After considering all of this evidence, it was the feeling of the grand jury that there was no additional questions needed to be asked of Dr. Sadoff and therefore it would not be necessary for him to make a personal appearance before the grand jury.
In regards to the sodium amytal test initially requested by one of the Grand Jurors, it is the considered opinion of the grand jury after hearing the taped interview of Dr. Sadoff that a sodium amytal test would not be of any practical benefit to the grand jury at this time.
It is also the personal feeling of the Grand Juror who raised the question about the sodium amytal test that she would not have raised the question had she had the knowledge at the time concerning the sodium amytal test that she now has.
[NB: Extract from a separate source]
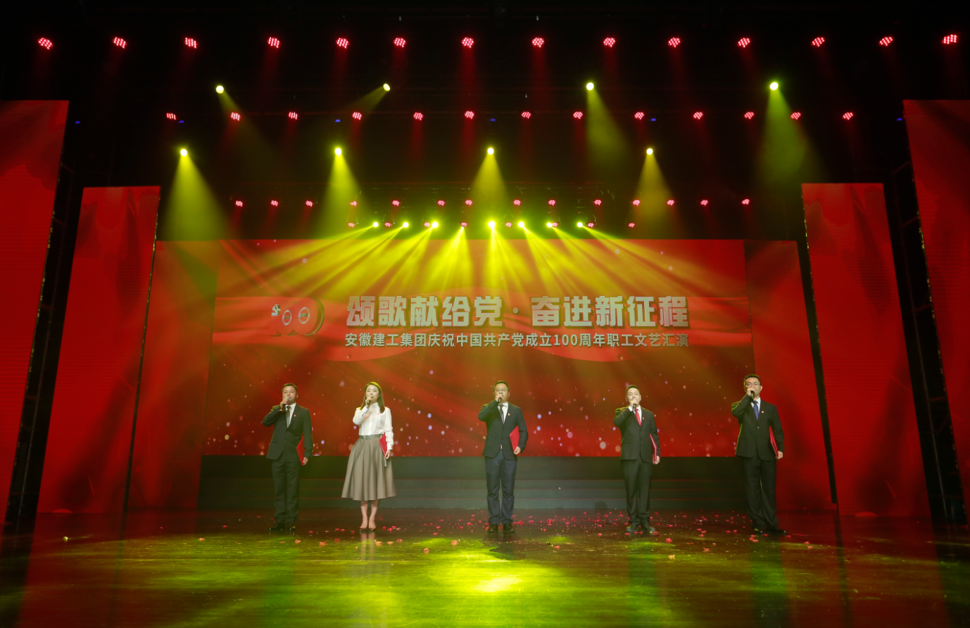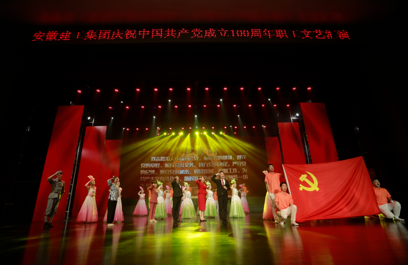 6月30日下午,安徽建工集團“頌歌獻給黨·奮進(jìn)新征程”慶祝中國共產(chǎn)黨成立100周年職工文藝匯演在安徽省歌舞劇院舉辦,紅色旋律感人至深,嘹亮頌歌催人奮進(jìn)。 整場(chǎng)演出主題鮮明、節奏明快、催人奮進(jìn),共分為“頌歌獻給黨”“禮贊建工人”和“奮進(jìn)新征程”三個(gè)篇章,分別以父女對話(huà)、“十三五”成果視頻展播、具有代表性典型性集團優(yōu)秀黨員勞模講述先進(jìn)故事進(jìn)行開(kāi)篇。來(lái)自20家基層單位和集團機關(guān)的700余名演職人員用心用情、載歌載舞,通過(guò)情景合唱、情景朗誦、歌舞、小品、音詩(shī)畫(huà)等形式,重溫中國共產(chǎn)黨走過(guò)的波瀾壯闊的百年輝煌歷程,謳歌建黨100年來(lái)的豐功偉績(jì),向黨的百年華誕獻禮。節目緊緊圍繞集團生產(chǎn)經(jīng)營(yíng),通過(guò)回顧整合重組整體上市、實(shí)施“投資+施工總承包”模式、推進(jìn)裝配式建筑、統籌做好疫情防控和復工復產(chǎn)等一個(gè)個(gè)鮮活事例,集中展示集團“十三五”期間取得的輝煌成就,講述建工人不忘初心、牢記使命,苦干實(shí)干推動(dòng)高質(zhì)量發(fā)展,邁向千億安徽建工新征程的奮斗故事。 文藝匯演精彩紛呈,不時(shí)贏(yíng)得全場(chǎng)熱烈掌聲?!俺礁杞o黨聽(tīng),我把黨來(lái)比母親……”,安徽路橋氣勢恢宏的大合唱《在燦爛陽(yáng)光下 唱支山歌給黨聽(tīng)》拉開(kāi)了匯演的序幕。技師學(xué)院舞蹈《紅色搖籃》、安徽交航音詩(shī)畫(huà)《紅船頌》、安徽建科舞蹈《映山紅》、安徽路港情景表演《長(cháng)征路上》、安徽水利情景合唱《百年征程》展現了中國共產(chǎn)黨人百年接續奮斗,團結帶領(lǐng)人民開(kāi)辟偉大道路、建立偉大功業(yè)、鑄就偉大精神。在安徽交航《紅船頌》誦讀人的領(lǐng)誓下,大家重溫了入黨誓詞,場(chǎng)面莊嚴肅穆而又鼓舞人心。集團機關(guān)和安建財務(wù)大鼓說(shuō)唱《安徽建工展輝煌》、安徽安裝舞劇《穿越時(shí)空的對話(huà)》、海外事業(yè)部情景朗誦《建工人 我為你頌唱》、安徽二建情景舞蹈《眾志成城 建工力量》、路橋集團小品《婚禮現場(chǎng)》、安建投資情景劇《建工新時(shí)代 奮斗正當時(shí)》、安徽建機情景合唱《星辰大?!?、安徽路橋情景舞蹈《旗幟》再現了建工人凝聚在黨的旗幟下,和企業(yè)同呼吸、共命運。歌舞類(lèi)節目美輪美奐,安徽三建《我們迎來(lái)了好時(shí)代》、安建總承包《花開(kāi)中國》、安建地產(chǎn)《潮起江淮》、安建建材《小夢(mèng)想大夢(mèng)想》、安徽一建《再唱山歌給黨聽(tīng)》傾情演繹對黨的真摯祝福和愛(ài)黨愛(ài)國愛(ài)企的赤子情懷。集團中層代表、優(yōu)秀黨員、先進(jìn)代表及安建建材和服務(wù)中心逾70名職工共唱《不忘初心》,表達了安徽建工全體黨員干部職工不忘初心、牢記使命,在“十四五”新征程中,聽(tīng)黨話(huà)、感黨恩、跟黨走,用忠誠和實(shí)干在打造千億安徽建工、建設新階段現代化美好安徽宏偉征程中彰顯國企責任、扛起使命擔當。匯演在集團領(lǐng)導與演職人員、觀(guān)眾全體同唱《沒(méi)有共產(chǎn)黨就沒(méi)有新中國》歌聲中落下帷幕。 集團領(lǐng)導,所屬單位主要負責人,集團機關(guān)部門(mén)主要負責人,2020年度集團優(yōu)秀共產(chǎn)黨員、勞動(dòng)模范、先進(jìn)生產(chǎn)工作者代表,部分職工代表及黨員干部職工等逾600名職工在現場(chǎng)觀(guān)看,2萬(wàn)余名職工通過(guò)網(wǎng)絡(luò )直播收看,網(wǎng)上直播觀(guān)看達60余萬(wàn)人次。

Therefore, the grand jury is proceeding to deliberation in this case.
Sincerely Yours,
Samuel F. Epperson
Foreman of the United States Grand Jury Sitting in Raleigh, North Carolina
Whereupon, the United States Grand Jury Investigation in the matter of the deaths of Colette MacDonald, Kimberly MacDonald and Kristen MacDonald was concluded insofar as the recorded portion of the investigation was concerned. The grand jury then proceeded to deliberation in the matter.